Since our year-ago investment essay A Case for Caution, several of the concerns expressed then are causing alarm today: rising interest rates, trade and federal deficits, debt levels, commodity costs, and equity prices relative to underlying value, but falling dividend yields (in relation to stock prices) as well as US dollar worth, compared to other major currencies.
The US market dividend now averages only about 1.7%, far below its historical level since 1928 of around 4%. The argument had been that companies can make better use of the dividend than to pay it to shareholders. The reverse turns out usually to have been true. Companies not currently in financial distress that nonetheless pay little or no dividend have often squandered the extra funds on huge pay packages for executives or on expensive empire-building purchases of other companies, though the combinations often add little to shareholders' profits.
The dollar has now fallen about 50% compared with the Euro in just the last three years. Such trends are unsustainable. Bond, stock, and real estate prices are all vulnerable.

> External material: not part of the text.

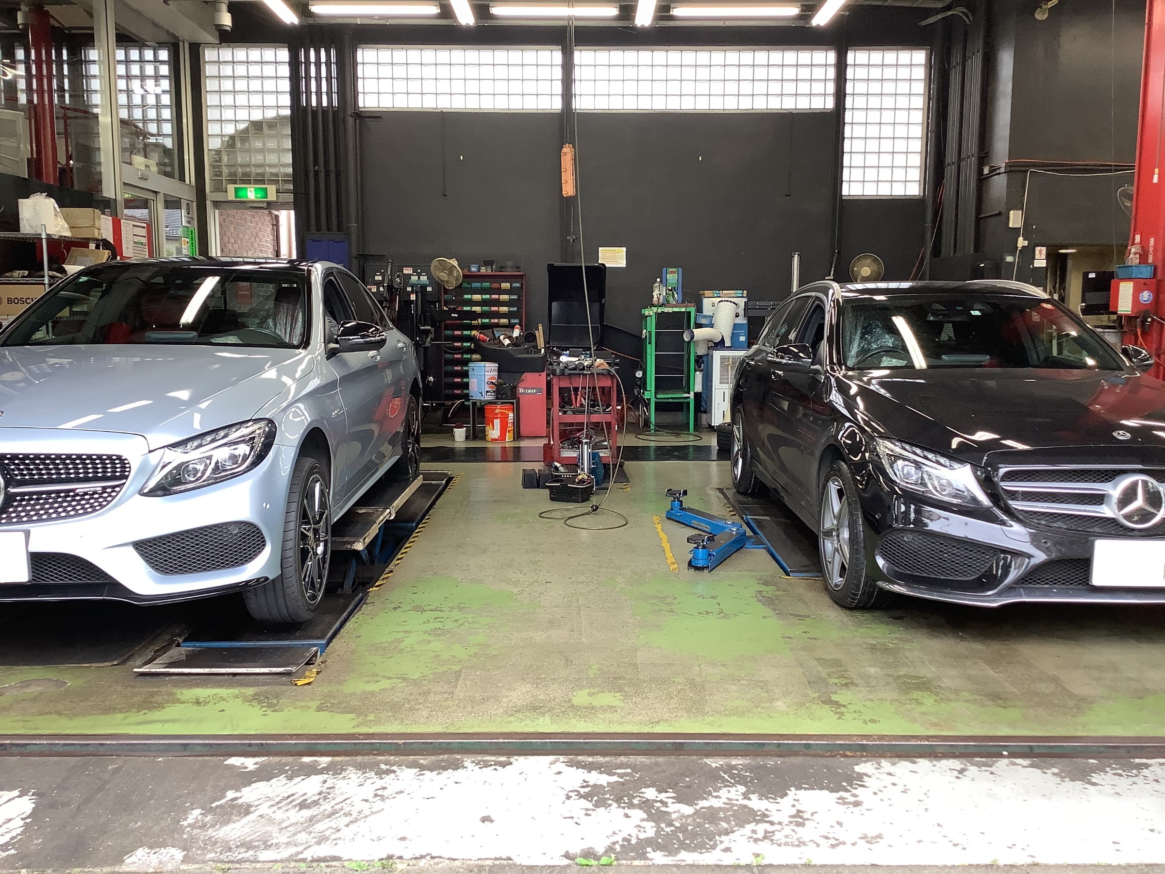 左はC43 AMG、右はC220dです。どちらもタイヤ交換をさせて頂きました!

The warnings of such eminent investors as John Templeton and Warren Buffett are at least as relevant now as in December, 2003.
The "Value Line Investment Survey" has tended to be optimistic by about 50-60% in its 3-5 year projections for stock appreciation. Recently it has suggested an average 3-5 year share price rise of only about 35%. Subtracting their historical excess expectations, a more reasonable forecast for the average stock might be a 10-20% loss over the next 3-5 years.